I just watched "The Inventor: Out for Blood in Silicon Valley" which was amusing to watch. There is a very potent explanation in the film for the reason why this massive fraud went unnoticed  and prominent people baught into it making Elisabeth Holmes a billionaire. One of the spin doctors in the documentary explains research they did on people who were given dice and were asked to throw them. Whenever the dice stopped they were told that they will be payed an amount in dollars that the die gave and that they can choose either the top or the bottom value so if a 1 comes out you can choose the 6 at the bottom and get payed 6 dollars. The testers weren't looking at the results and deppended on what the people who threw the dice told them. Obviously the 6's were coming up far too often than what proabability suggests. Then they repeated the experiment but hooked the people to lie detectors, the results were obvious - people lied about the results and the lie detectors were clearly showing it. They repeated the experiment again for the third time including the dice and the lie detectors but this time the people were told that everything they get payed will go to a charity they choose. The results were exactly the same, people still lied about the results but a "small" exception occured - the lie detectors showed nothing, people were not lying. Apparently when you are convinced youre doing something good and useful, your conscience is clear and you feel you are in fact not doing anything unlawful or deceitful.

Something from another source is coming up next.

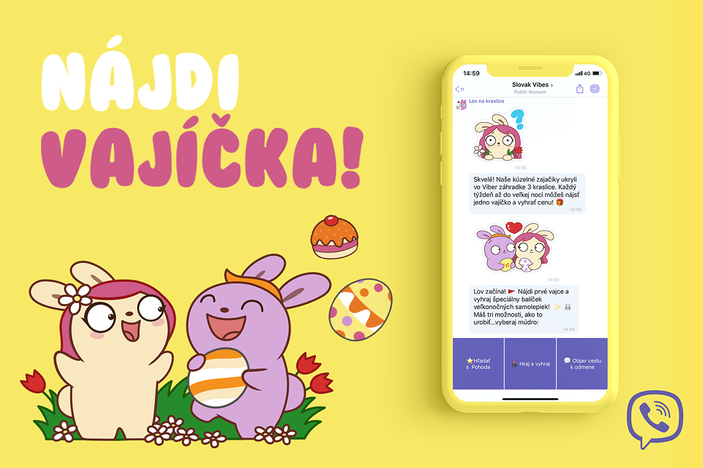Naši veľkonoční zajačikovia ukryli v hre 3 vajíčka, ktoré je potrebné objaviť do Veľkej noci. Akonáhle jedno z nich objavíte, získate špeciálny kód na stiahnutie inak platenej sady veľkonočných samolepiek. Vajíčka sa budú hľadať až do Veľkej noci. Keď užívateľ vajíčko nájde, vyhrá promo kód, pomocou ktorého môže odomknúť jeden z 3 balíčkov nálepiek, ako svoju veľkonočnú odmenu. Po spustení interakcie s chatbotom si užívatelia môžu vybrať jednu z troch ciest k výhre. Do prvej možnosti je na Slovensku zapojený aj obľúbený Pohoda festival a cvicte.sk. Pohoda ukrýva vajíčko medzi obsahom vlastnej Viber Comunity s názvom Pohoda Festival Official a cvicte.sk vo svojej komunite The Supershape. Keď bot presmeruje hráča do komunity, opýta sa, ako vyzerá vajíčko, ktoré našiel. Vajíčko partnera je tiež ukryté v zábavnej hre, ktorú môžu používatelia začať hrať kliknutím na tlačidlo PLAY. Druhou možnosťou je hrať zábavnú hru, v ktorej prefíkané zajačiky ukryli vajce niekde v poli medzi oranžovými mrkvičkami. Máte nekonečné množstvo pokusov, až kým hľadané vajíčko neobjavíte. A na záver pre tých, ktorých bojové pole s mrkbvou neláka, ponúka Viber záchrannú možnosť. Hacking hry tým, že pozvete troch priateľov, aby sa pripojili. Odmena bude automaticky odomknutá tým, ktorí pošlú pozvánky svojim kamarátom. „Veríme, že náš nápad a jeho digitálne spracovanie poteší našich užívateľov a sprostredkuje im zábavu. A to je to, o čo nám ve Viber ide, šířit dobrú náladu“ povedala Zarena Kancheva, marketing a PR riaditeľka Rakuten Viber pre oblasť strednej a východnej Európy. Tohtoročný veľkonočný Viber prináša zábavný obsah a možnosti, ako vylepšiť vaše konverzácie o skvelé samolepky. Stiahnite si veľkonočné samolepky a užite si Veľkú noc!
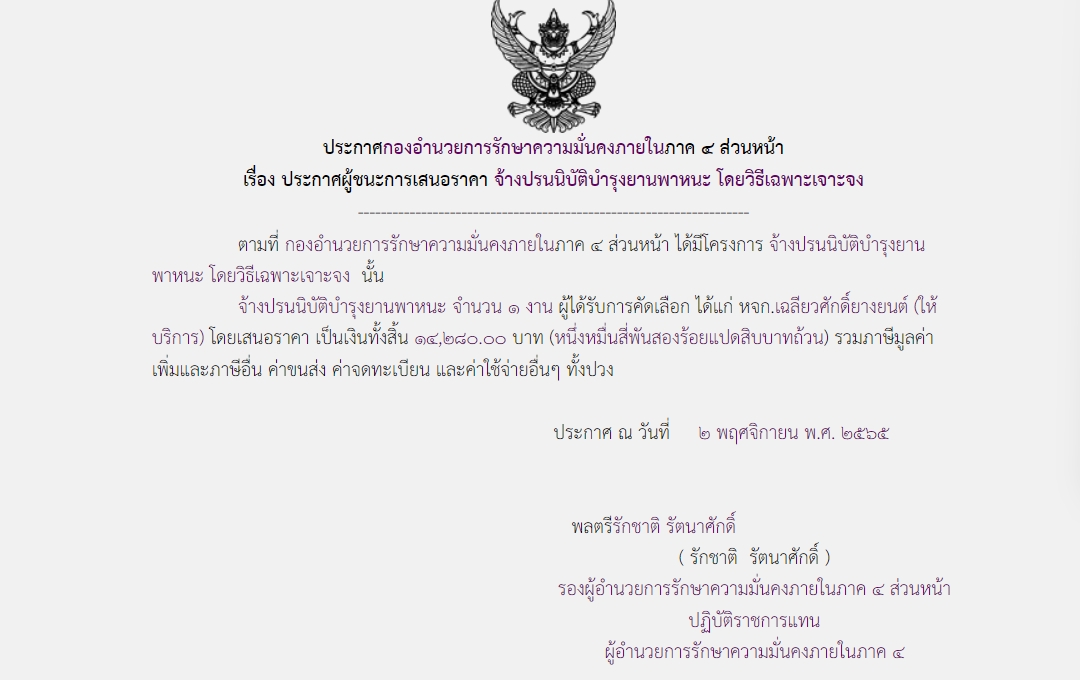 ประกาศผู้ชนะการเสนอราคา จ้างปรนนิบัติบำรุงยายพาหนะ โดยวิธีเฉพาะเจาะจง

I think this is exactly the mechanism behind the mind of Elisabeth Holmes and the whole "Theranos" charade. She believed so much in her doings that she was able to convince prominent people of it. Even the lab chemists and engineers who knew exactly what was going on and that the whole project is a scientifically not viable farse were believing in her. Interesting case of sociopathic behaviour combined with various skills, factors and circumstances that enabled her to ride this wave. She comes out of this to me as a Deepak Chopra of the silicon valley character, its unbelievable how far you can go with high emotional IQ, deception, lying straight up to everybodies face while having nothing as a product and nothing as far as scientific evidence while walking a highly sophisticated path of medical testing and claiming to revolutionise it.

Short answer - She's a master of deception. 

Edited by koti
Posted

Tbf, this is true for a lot of those folks. Investors are rarely interested in the technical stuff. It is telling that she targeted tech investors and not do much pharm.